Airlines operating to India from Middle-Eastern countries are reaping huge profits after two years of COVID-19-induced lull.
The passengers, however, are not a happy lot since the airfares have skyrocketed. Tickets that cost less than Rs 10,000 till recently have now touched almost Rs 70,000. Travelling home with family would burn a huge hole in the pockets of expats, as it would make them poorer by lakhs of rupees.
Even if they are willing to shell out huge amounts, they are often disappointed since most flights have been fully booked. Under these circumstances, several of them are depending on connection flights home.
What contributes to the high air fare? How does it affect the expats? Is there a solution to the issue?
Summer vacation and Eid al-Adha
The Gulf countries are now simmering under the scorching summer sun. The heat wave would continue for two more months. The daytime temperature shot past the 50 degrees Celsius-mark at Al Dafra in the UAE the other day. The situation is the same in other Gulf countries also.

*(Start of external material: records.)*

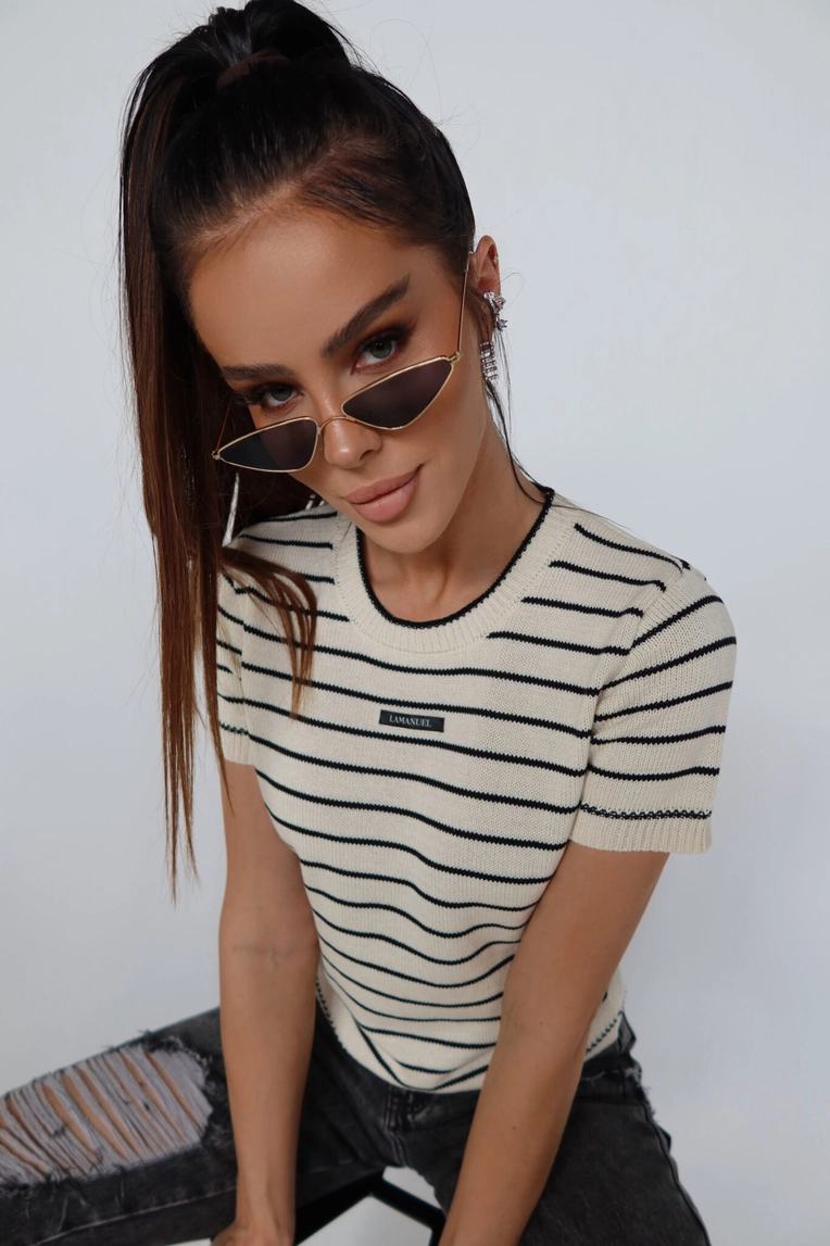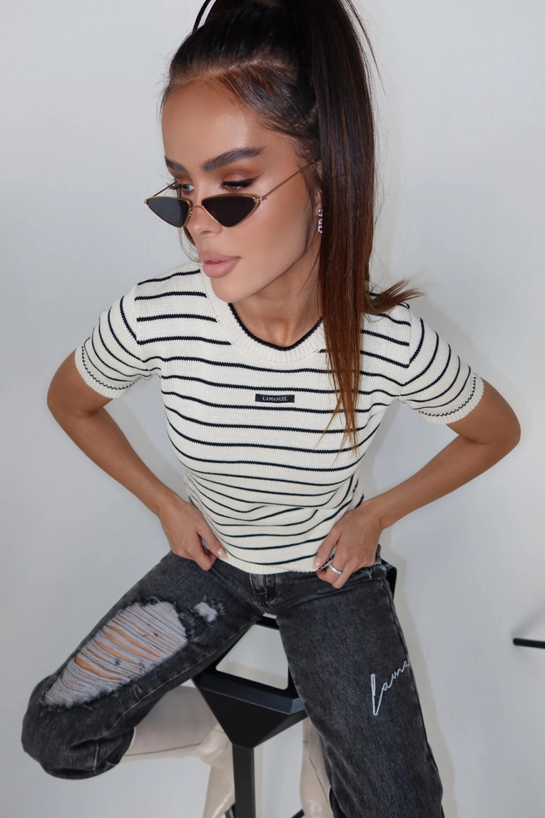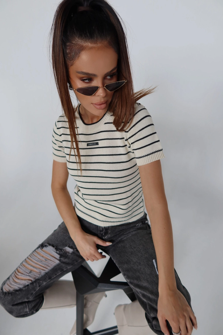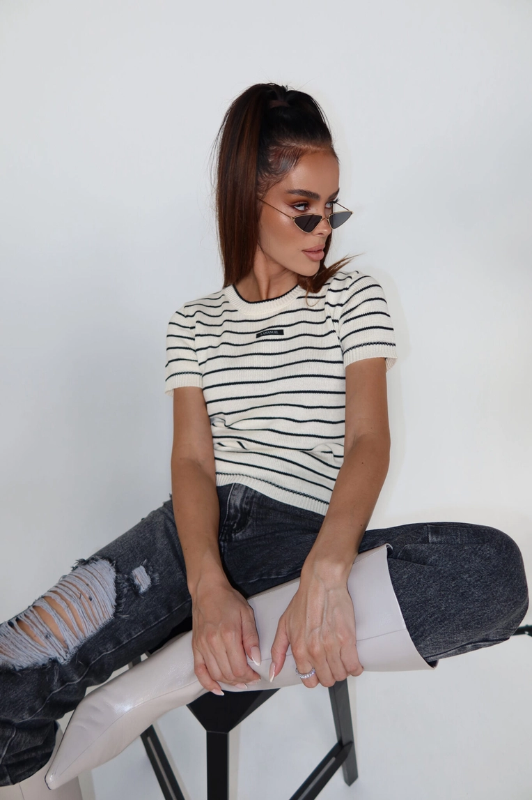 Krótkorękawowy sweter z dzianiny o gęstym splocie i prostym, lekko dopasowanym fasonie. Model w ponadczasowy wzór w paski z okrągłym dekoltem i wykończeniem ściągaczowym przy szyi, rękawach i dole. Z przodu naszywka z logo, która subtelnie domyka look. Idealny do jeansów, spódnic i pod marynarkę – must have na cały rok.Skład: 50% bawełna 50% akryl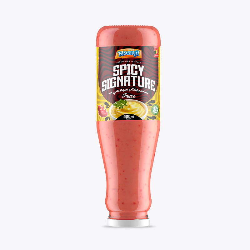 ارتقِ بوجباتك إلى مستوى جديد من التميز مع صوص “سيجنشر سبايسي” من Mazaji. هذا الصوص ليس مجرد إضافة، بل هو توقيعنا الخاص الذي يجمع بين الحرارة الجريئة والتوليفة السرية من التوابل التي تمنح أطباقك هوية لا تُنسى.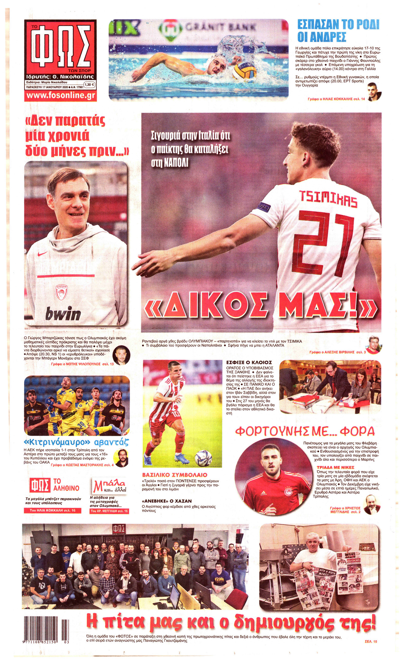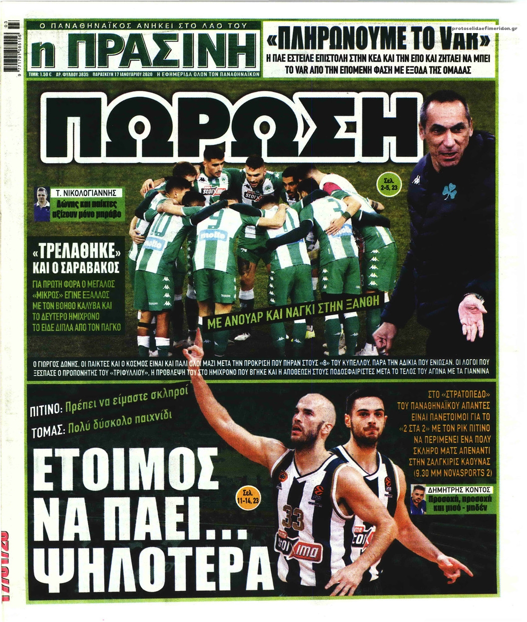 Διαβάστε όλα τα πρωτοσέλιδα των αθλητικών εφημερίδων της Παρασκευής 17 Iανουαρίου. Πλήρης ενημέρωση με μια γρήγορη ματιά!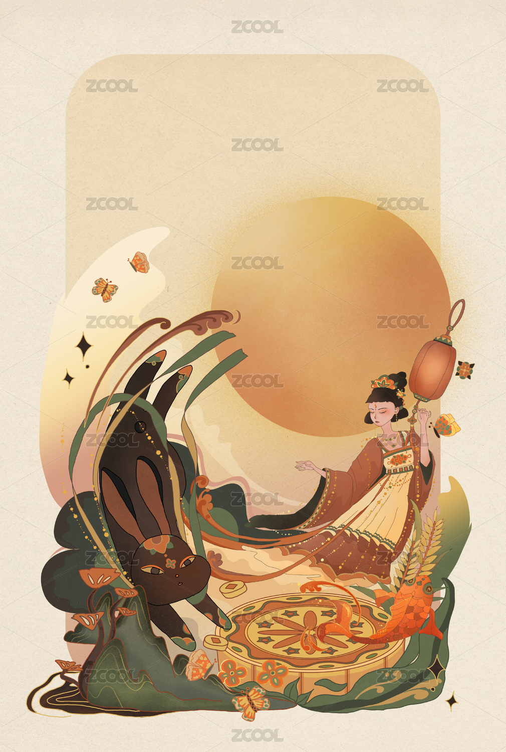 肌理插画,国风,传统节日,中秋节,包装,山水,兔子,喜庆,庆祝,节日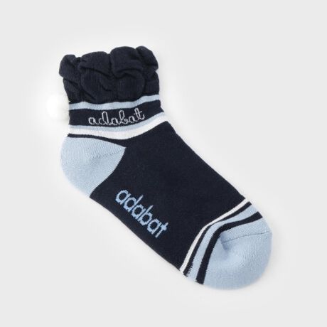 履き口のフリルと小さなポンポンが遊び心のあるアクセントとなり、足元を華やかに彩ります。

Schools in the UAE closed for summer vacation by June-end. They will reopen only on August 29, while schools in Qatar will reopen earlier on August 14.
Airfares going north are common during school vacations. The Eid al-Adha season, too, contributed to a spurt in passengers to India, further fuelling the ticket fare hike.
Eid al-Adha falls in the second week of July, and offices in Gulf nations will be closed for a week ahead of the festival. This, too, has contributed to the heavy rush since several expats had to forgo their vacation during the past two peak COVID years. For them, school vacation and Eid al-Adha holidays coming together have provided an opportunity to visit their native places.
Those in the aviation sector said airfares to all destinations worldwide -- not just to India and Kerala -- from the Gulf countries have increased manifold. Tickets are not available in some sectors even if the passenger is willing to shell out any amount of money.
Rasheed Kunhipaaral, who runs the Fine Travel Agency in Thalassery, said tickets in the Dubai-Cairo sector are not available on the day before Eid. Those in the travel industry said the situation will continue till mid-July, when the festival holidays end and the flow of passengers will increase to the Gulf countries.
The reverse flow will increase the airfare to Gulf nations, making the vacation in Kerala and India an expensive affair. Airline officials pointed at the increase in aviation fuel as well, as a reason for the hike in airfare.
Trap by travel agencies
Another reason for the increased fare is the International Air Transport Association (IATA)-recognised travel agencies purchasing "group tickets." Agencies book tickets in bulk, often all seats, during school vacations in the Gulf and in Kerala, aiming to cash in on the high demand for tickets. The purchase of "group tickets" shoots up the price of tickets available online.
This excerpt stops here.